**Task statement**
With all images left out, restate the records below exactly as written.

**Records to process**
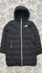 フード付きマスタードジャケットとNikeのダウンジャケット2点セット。
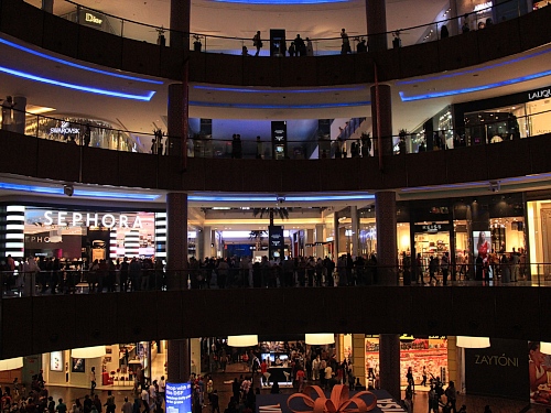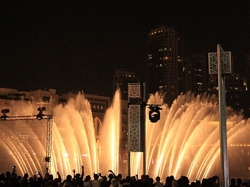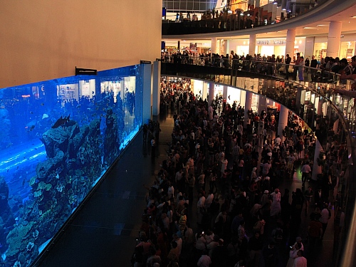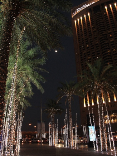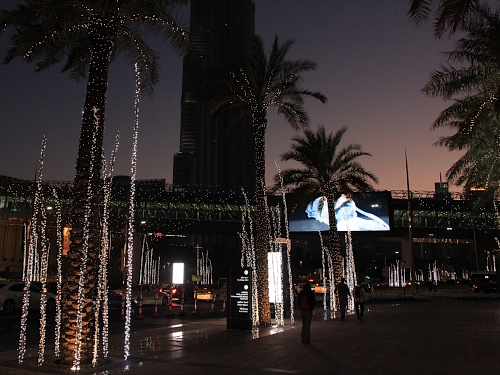 Nach einer Atempause im Kaffee der Hotel-Lobby zieht es uns zurück zum Burj Khalifa. Auf der Terrasse der Dubai Mall finden wir ein italienisches Restaurant. Im Freien stärken wir uns zu Füssen des Glitzerturms mit Pastagerichten. Die Wasser-Feuer-Licht-Laser Show im Lake Dubai verzaubert uns. Mit Blasen an den Füssen wandern wir spät abends zum Frühstück-Einkauf in den gut ausgerüsteten Supermarkt der Mall. Dann fallen wir gespannt auf Tag X in die Betten.
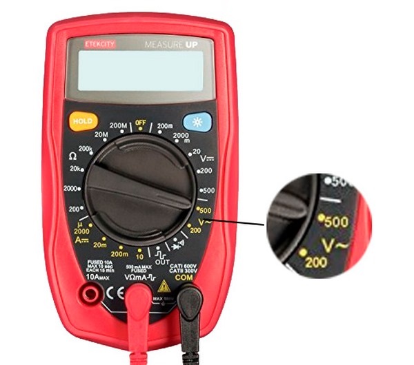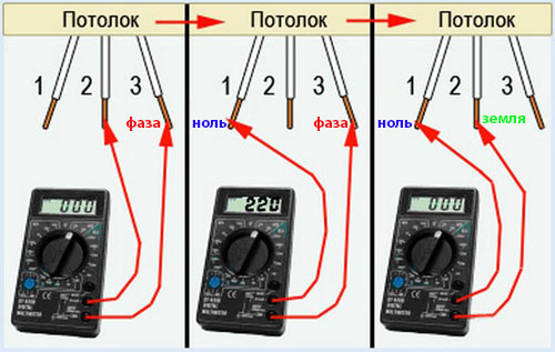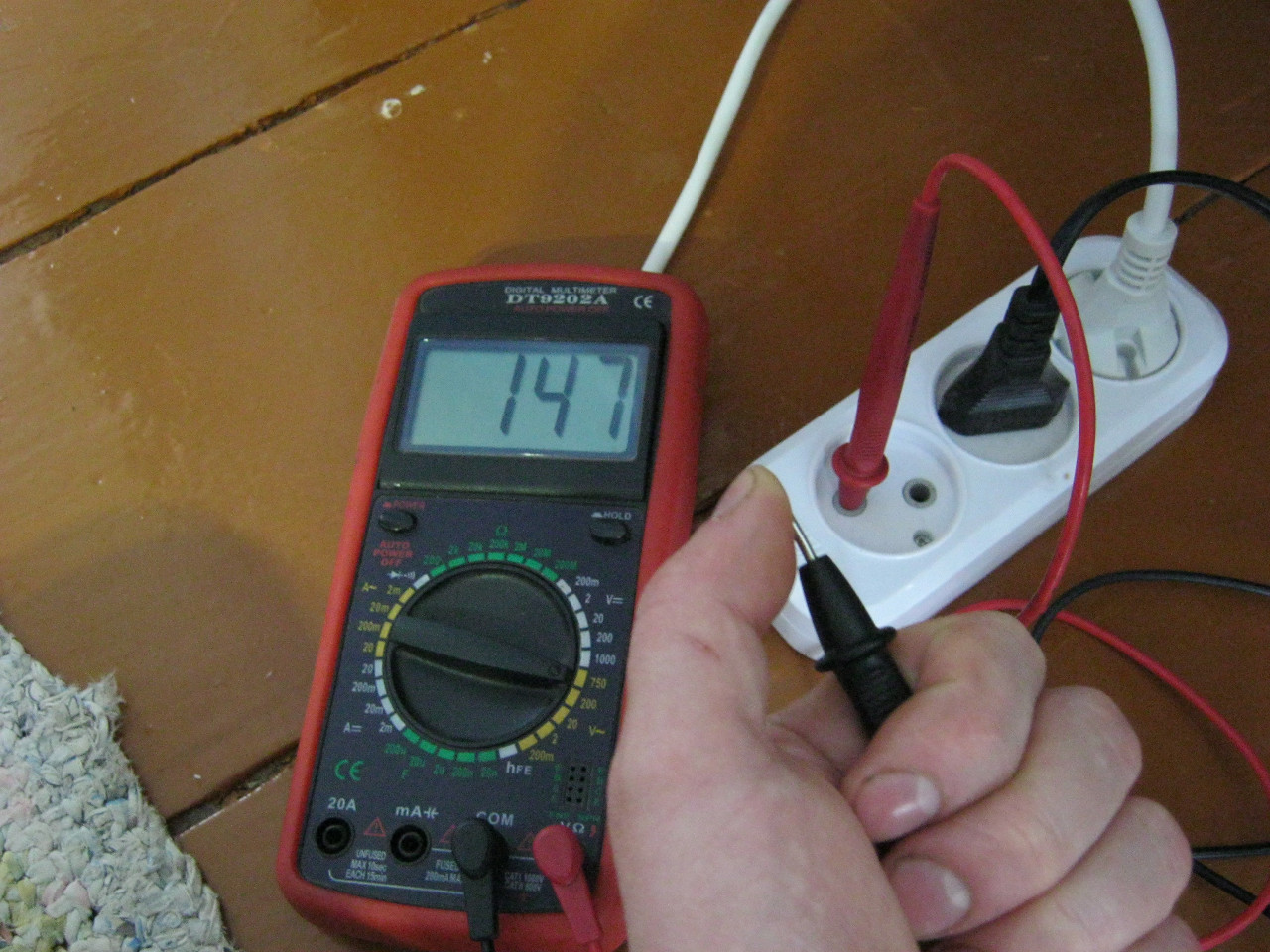 Le multimètre est en cours de préparation, une mesure de contrôle de la tension dans la prise est effectuée. Cela vous permet de vous assurer qu'il n'y a pas de rupture de ligne et que l'appareil lui-même fonctionne. Si les chiffres affichés à l'écran sont corrects, la connexion est correcte.
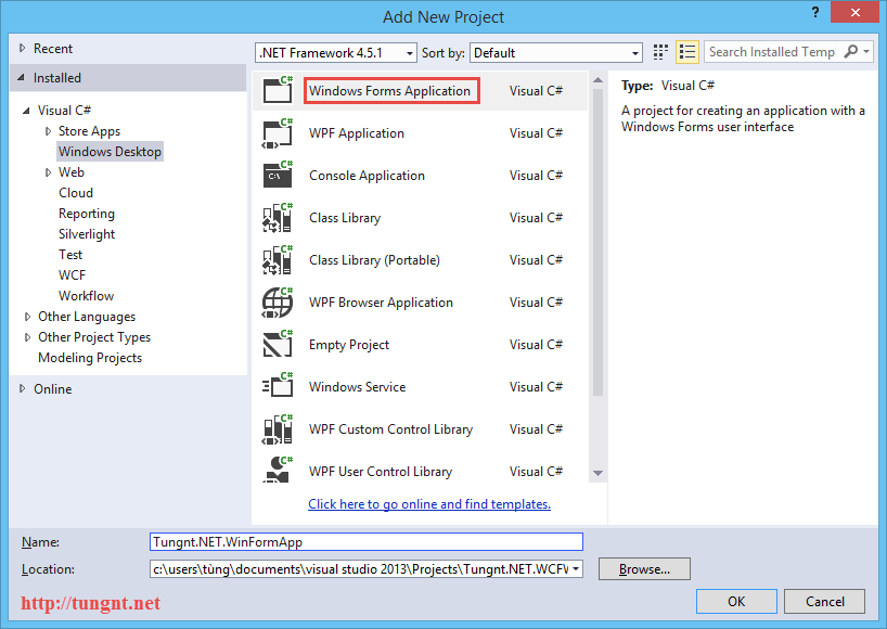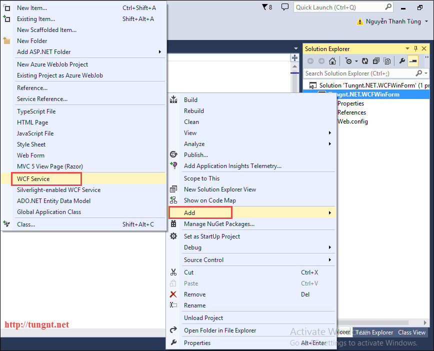 Bước 1: Trong solution Tungnt.NET.WCFWinForm ta tạo một Project Windows Form App như hình dưới
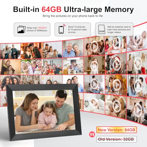 La cornice Hesmor è dotata di una memoria interna da 32 GB, una capacità di tutto rispetto che permette di archiviare migliaia di foto (il produttore stima circa 80.000 foto da 300KB). Questo spazio è più che sufficiente per la maggior parte degli utenti, garantendo un archivio personale sempre a disposizione.
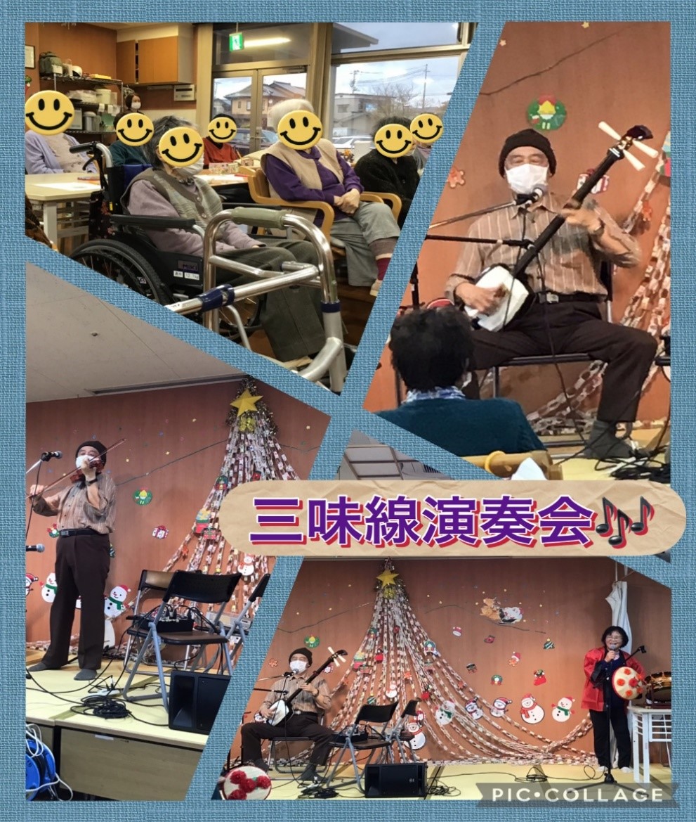 利用者様お馴染みの「会津磐梯山」や「さんさ時雨」、「新相馬節」を三味線の音色と歌い手の方の伸びやかな歌声に聴き入っていました (^^♪
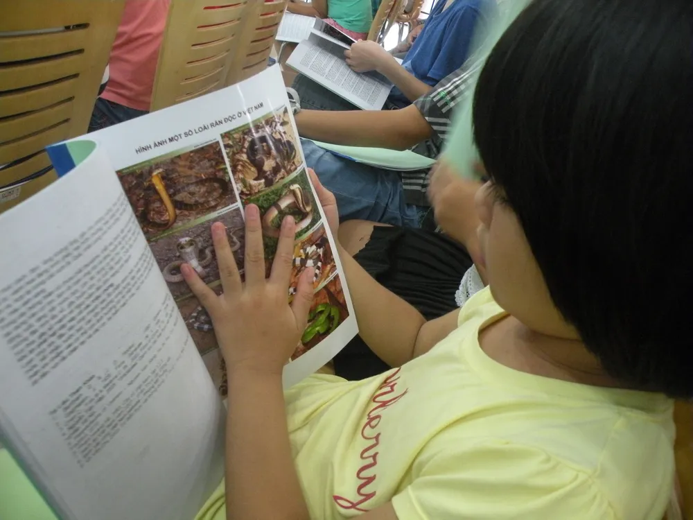 Tại buổi chia sẻ, khoảng 100 em nhỏ đã được chuyên gia nghiên cứu sinh vật rừng Phùng Mỹ Trung chuyển tải những kiến thức thú vị về phân biệt các lòai rắn độc và cây cỏ độc thông qua tài liệu và vật mẫu thật.

**Solved problem**
 フード付きマスタードジャケットとNikeのダウンジャケット2点セット。
 Nach einer Atempause im Kaffee der Hotel-Lobby zieht es uns zurück zum Burj Khalifa. Auf der Terrasse der Dubai Mall finden wir ein italienisches Restaurant. Im Freien stärken wir uns zu Füssen des Glitzerturms mit Pastagerichten. Die Wasser-Feuer-Licht-Laser Show im Lake Dubai verzaubert uns. Mit Blasen an den Füssen wandern wir spät abends zum Frühstück-Einkauf in den gut ausgerüsteten Supermarkt der Mall. Dann fallen wir gespannt auf Tag X in die Betten.
 Le multimètre est en cours de préparation, une mesure de contrôle de la tension dans la prise est effectuée. Cela vous permet de vous assurer qu'il n'y a pas de rupture de ligne et que l'appareil lui-même fonctionne. Si les chiffres affichés à l'écran sont corrects, la connexion est correcte.
 Bước 1: Trong solution Tungnt.NET.WCFWinForm ta tạo một Project Windows Form App như hình dưới
 La cornice Hesmor è dotata di una memoria interna da 32 GB, una capacità di tutto rispetto che permette di archiviare migliaia di foto (il produttore stima circa 80.000 foto da 300KB). Questo spazio è più che sufficiente per la maggior parte degli utenti, garantendo un archivio personale sempre a disposizione.
 利用者様お馴染みの「会津磐梯山」や「さんさ時雨」、「新相馬節」を三味線の音色と歌い手の方の伸びやかな歌声に聴き入っていました (^^♪
 Tại buổi chia sẻ, khoảng 100 em nhỏ đã được chuyên gia nghiên cứu sinh vật rừng Phùng Mỹ Trung chuyển tải những kiến thức thú vị về phân biệt các lòai rắn độc và cây cỏ độc thông qua tài liệu và vật mẫu thật.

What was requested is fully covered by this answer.